Вот почему революция неминуема! (VIII)



   "…Совершенно не могу уснуть, час назад убрали от нас лампу, совсем уже светло, птицы громко поют, время от времени каркает ворона. Мой товарищ по камере спит неспокойно. Мы узнали, что утверждены два смертных приговора, сегодня ночью приговоренных не увели, значит, уведут завтра. У каждого из них, вероятно, есть родители, друзья, невеста. Последние минуты… Они здоровы, полны сил и бессильны. Придут и возьмут их, свяжут и повезут на место казни. Вокруг лица врагов или трусов, прикосновение палача, последний взгляд на мир, саван, и конец. Лишь бы скорее, лишь бы меньше думать, меньше чувствовать, блеснет мысль: да здравствует революция, прощайте навеки, навсегда.

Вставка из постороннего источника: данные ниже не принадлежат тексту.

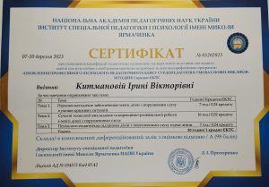 Китманова І.В. Підвищення кваліфікації «Оновлення професійного (психолого-педагогічного) кейсу сурдопедагогів в умовах нових викликів»; 07–10.03.2023; 30 академічних годин / 1 кредит ECTS; Інститут спеціальної педагогіки і психології імені Миколи Ярмаченка НАПН України (Україна). |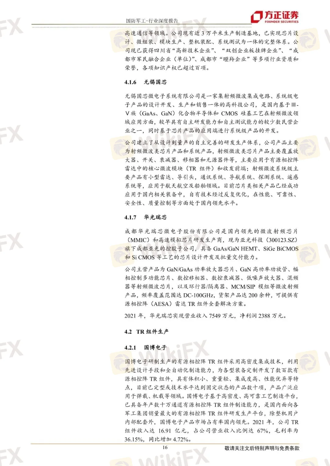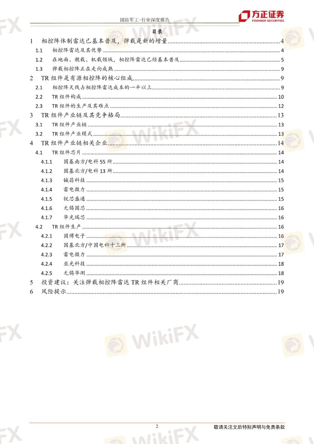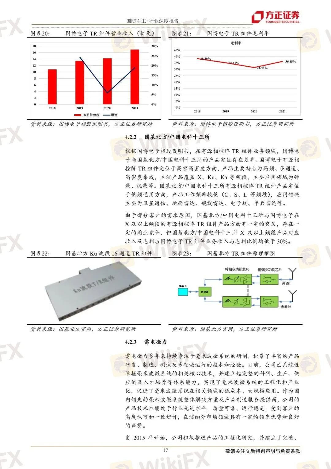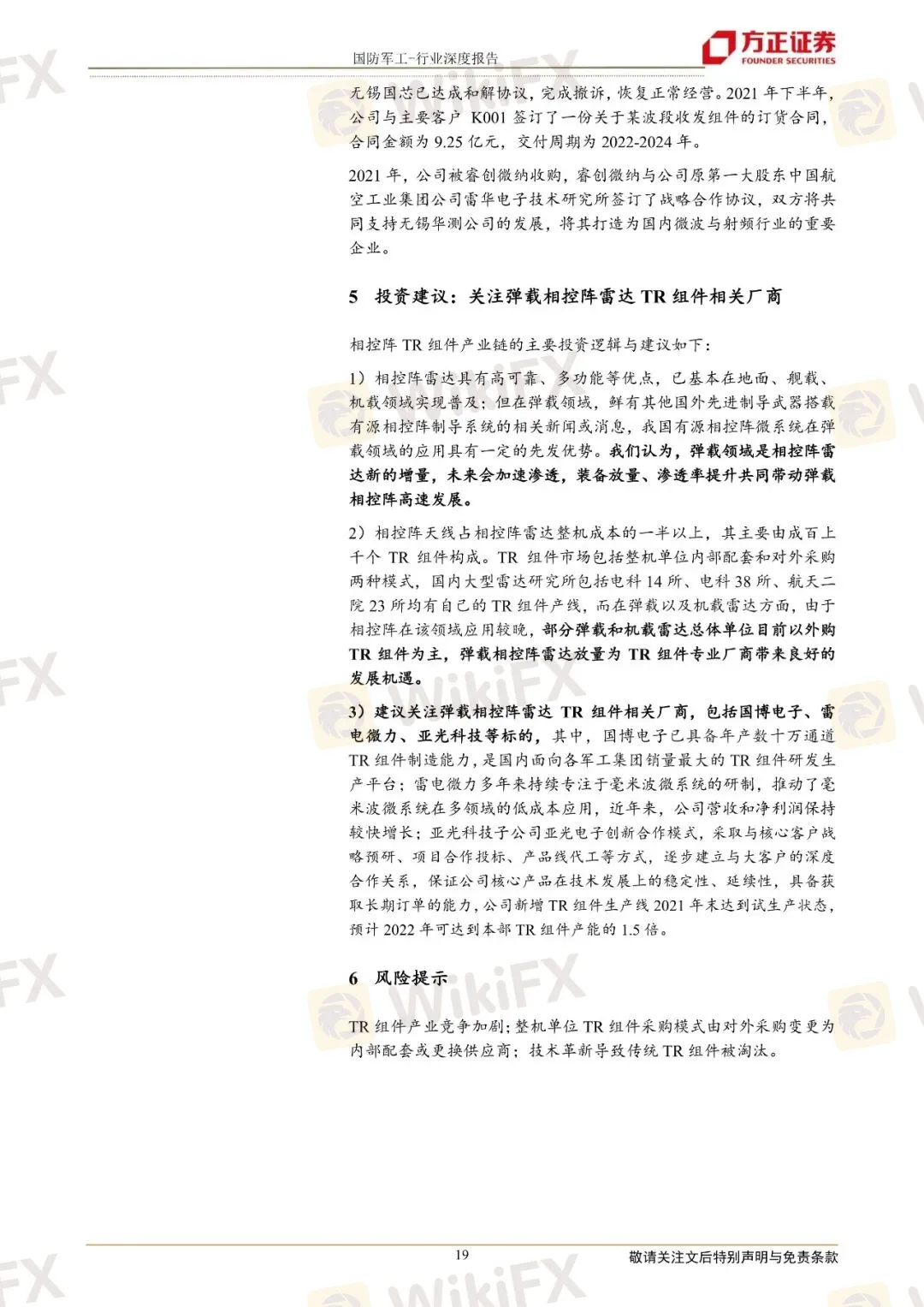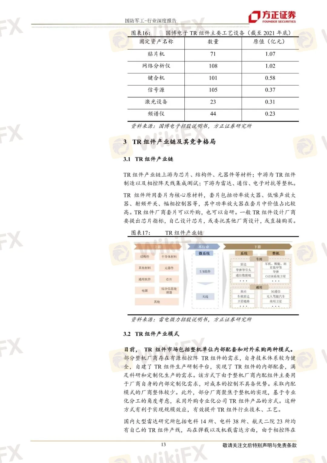 风险提示:TR组件产业竞争加剧;整机单位TR组件采购模式由对外采购变更为内部配套或更换供应商;技术革新导致传统TR组件被淘汰。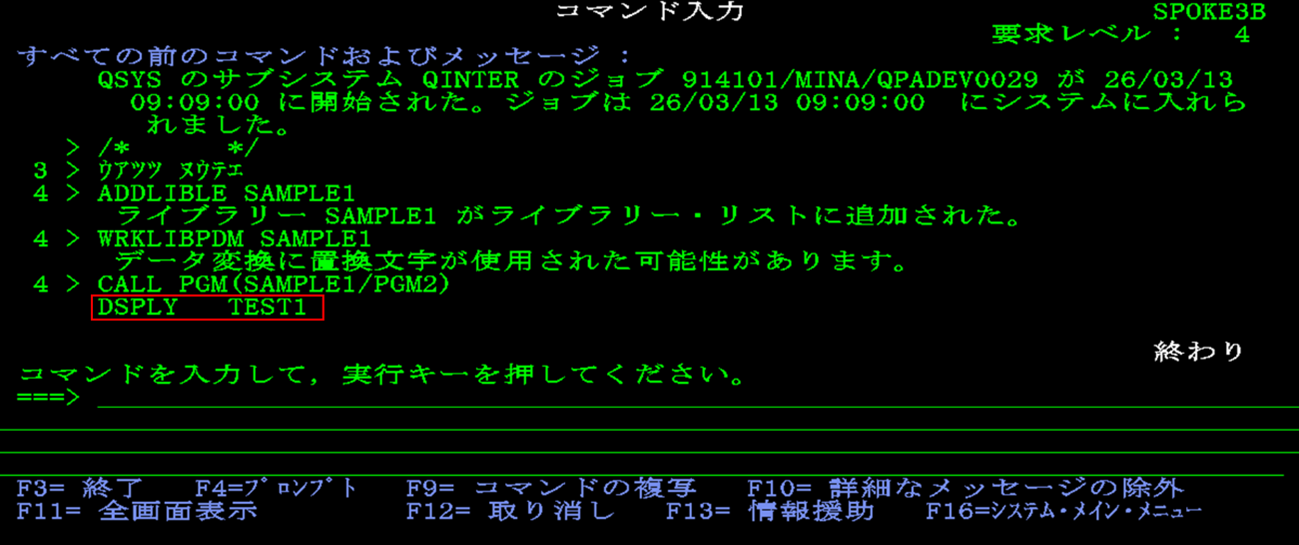 渡邊:「実行しました。【DSPLY TEST1】という結果が表示されていますね。期待通りの結果になっています。」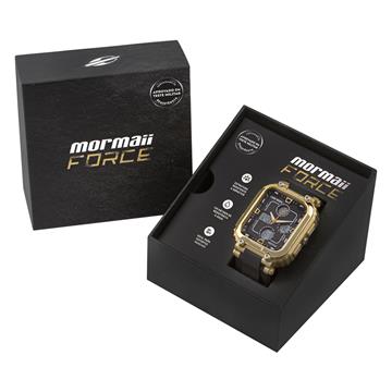 A linha Mormaii Force chega com o primeiro relógio nacional aprovado em teste militar de resistência. Extremamente resistente a impactos intensos, ele possui uma caixa bem robusta e estrutura de proteção revestida com parafusos. Projetado para enfrentar qualquer terreno e desenvolvido para se jogar em condições extremas sem preocupações, os modelos da linha possuem funcionalidades indispensáveis para qualquer aventureiro, como calendário, cronógrafo, timer, dual time e luz noturna para ambientes escuros, além da resistência à água em até 100 metros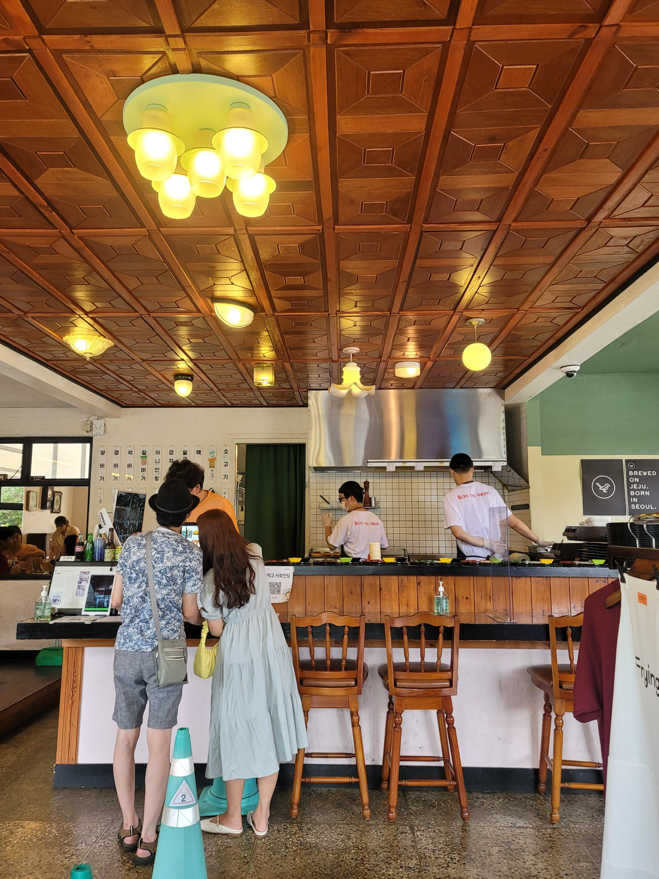 지금은 단가가 꽤 나갈 것으로 예상되는 천장의 목재 마감과 정면으로 보이는 바(bar) 형태의 테이블과 꽤나 앤틱한 감성이 묻어나는 의자,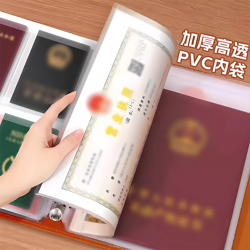加厚皮面证件收纳本宝宝家庭卡包册带锁多功能大容量证书密码锁A4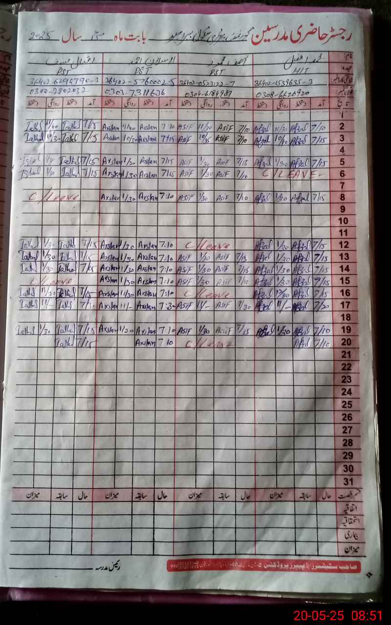 | CNIC | Full Name | Designation | R/C | Absence During Last Calender Month |

   А для оставшихся завтра начнется такой же день, как и раньше. Столько уже людей прошло этот путь! И кажется, что люди уже не чувствуют, привыкли, это не производит на них никакого впечатления. Люди? Но ведь и я к ним принадлежу. Я не судья им, сужу о них по себе. Я спокоен, не поднимаю бунта, душа моя не терзается, как еще недавно. На поверхности ее тишина. Получаю известие — что-то дрогнуло еще одна капля — и наступает спокойствие. А за пределами сознания копится яд. Когда наступит время, он загорится местью и не позволит теперешним победителям-палачам испытать радость победы. А за этим мнимым равнодушием людей, быть может, скрывается страшная борьба за жизнь и геройство. Жить — разве это не значит питать несокрушимую веру в победу? Теперь уже и те, которые мечтали об убийстве как возмездии за преступление, чувствуют, что эти мечты не могут быть ответом на преступления, совершаемые постоянно, уже ничто не уничтожит в душе тяжелых следов этих преступлений. Эти мечты говорят только о непогасшей вере в победу народа, о страшном возмездии, которое готовят себе теперешние палачи. А в душах современников все усиливаются боль и ужас, с которыми связано внешнее равнодушие пока не вспыхнет бешеный пожар за тех, у кого не было сил быть равнодушным и кто лишил себя жизни, за покушение шакалов на высший инстинкт человека — инстинкт жизни, за тот ужас, который люди должны были пережить.

   …Ночь. Повесили Пекарского и Рогова из Радома, воинский отряд уже пошел обратно…

   То, что я писал вчера о героизме жизни, возможно, и неправда. Мы живем потому, что хотим жить, несмотря ни на что. Бессилие убивает и опошляет души. Человек держится за жизнь, потому что он связан с нею тысячью нитей, печалей, надежд и привязанностей.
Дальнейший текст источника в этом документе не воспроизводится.